K.R. from outside of Connecticut writes:

Dear Mister Condo,

I am on the second floor of a two-story condominium. I am in the process of planning a kitchen renovation, and as part of the project I would like to have an externally-vented exhaust fan. The range hood that I currently have simply blows the air back into the room, but I had assumed that I could connect it externally if I wanted to. I have been informed that to vent it to the roof I will need the Board’s permission and I may also need to file an “obligation to maintain” with the County so that I would be responsible for any future issues (eg. leaks).  Also, I currently have an externally-vented bathroom exhaust fan, so I don’t see why this would be treated any differently. My questions: Aren’t externally-vented kitchen exhaust fans required by code? Wouldn’t a non-externally vented fan create health & safety concerns?
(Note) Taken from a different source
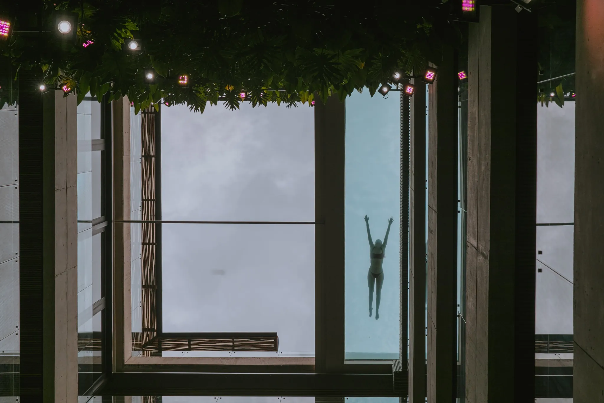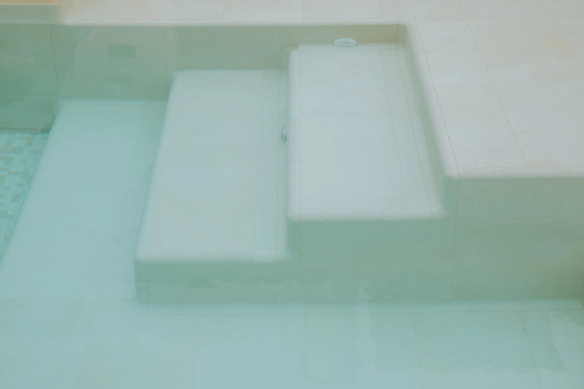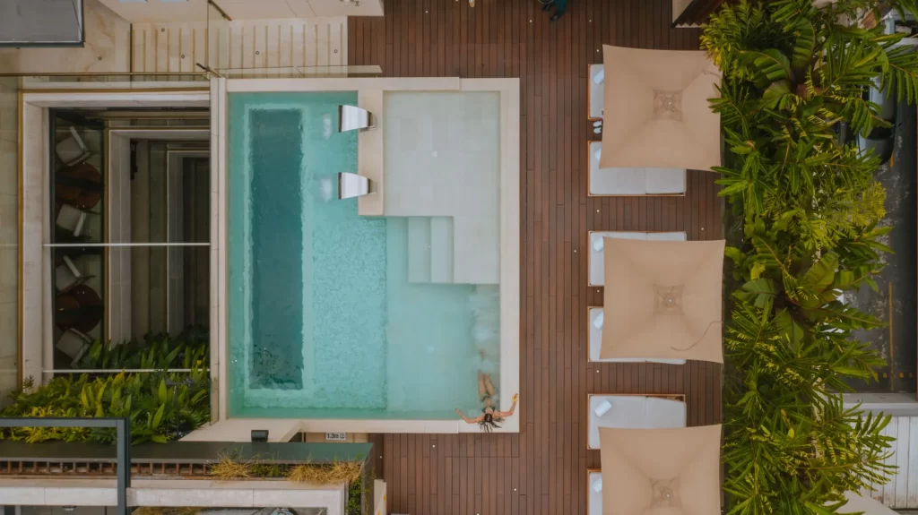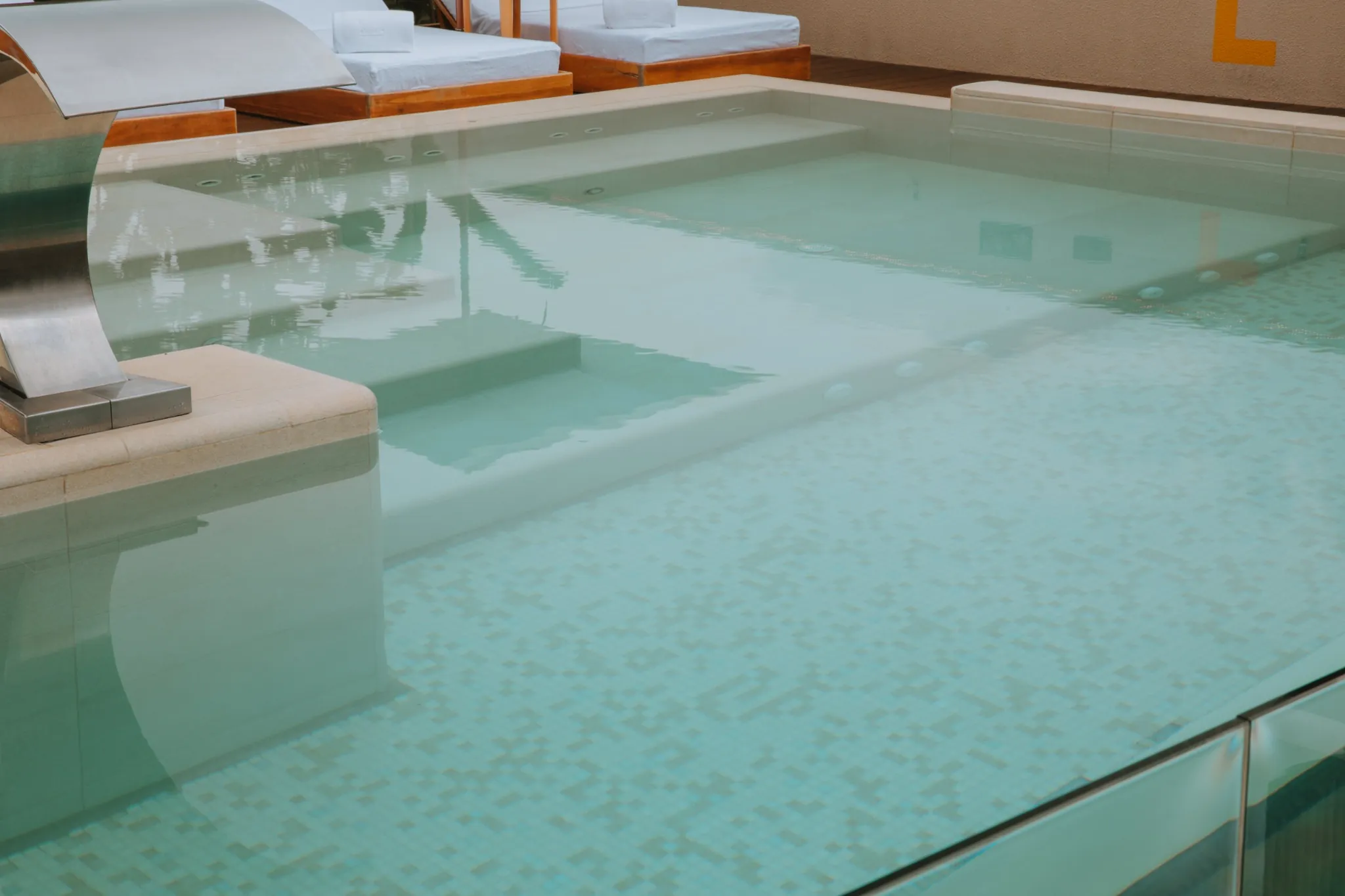 Piscina tipo cubo flotado con porcelanato Mistery White en playa, escalas y piezas especiales, combinada con mosaico vítreo Argo en el fondo. Incluye un vidrio templado inferior que realza el diseño y pertenece a la terraza del Hotel El Cielo.

Are there any legal considerations if they deny my request?

Mister Condo replies:

K.R., generally speaking, all modifications to your unit are subject to Board approval. Anything that you are doing that modifies any common element is strictly under the Board’s control and installing an externally-vented exhaust fam for your kitchen will most certainly require their approval. Be sure to get all the approvals needed BEFORE starting your project because the Board can force you to remove the installation if they do not approve which can cost you dearly. I am not an expert on HVAC or ventilation issues but I do know that exhaust fans that vent internally and clean the air via filter are fairly common in many condos. That doesn’t help with your odor issue if you are cooking but the filtration system does help. My guess is that the condo unit was built to the code at the time for exhaust fans. If that code did not call for external ventilation, there was no foul on the part of the developer. If current code does call for that kind of ventilation, that could be used in your argument to persuade the Board to allow it now. That being said, ask politely and hope for a good outcome. Don’t be surprised if the request is denied. If they approve your installation, they are opening themselves up to others and then there becomes a whole new issue of external vent conformity and maintenance. Good luck!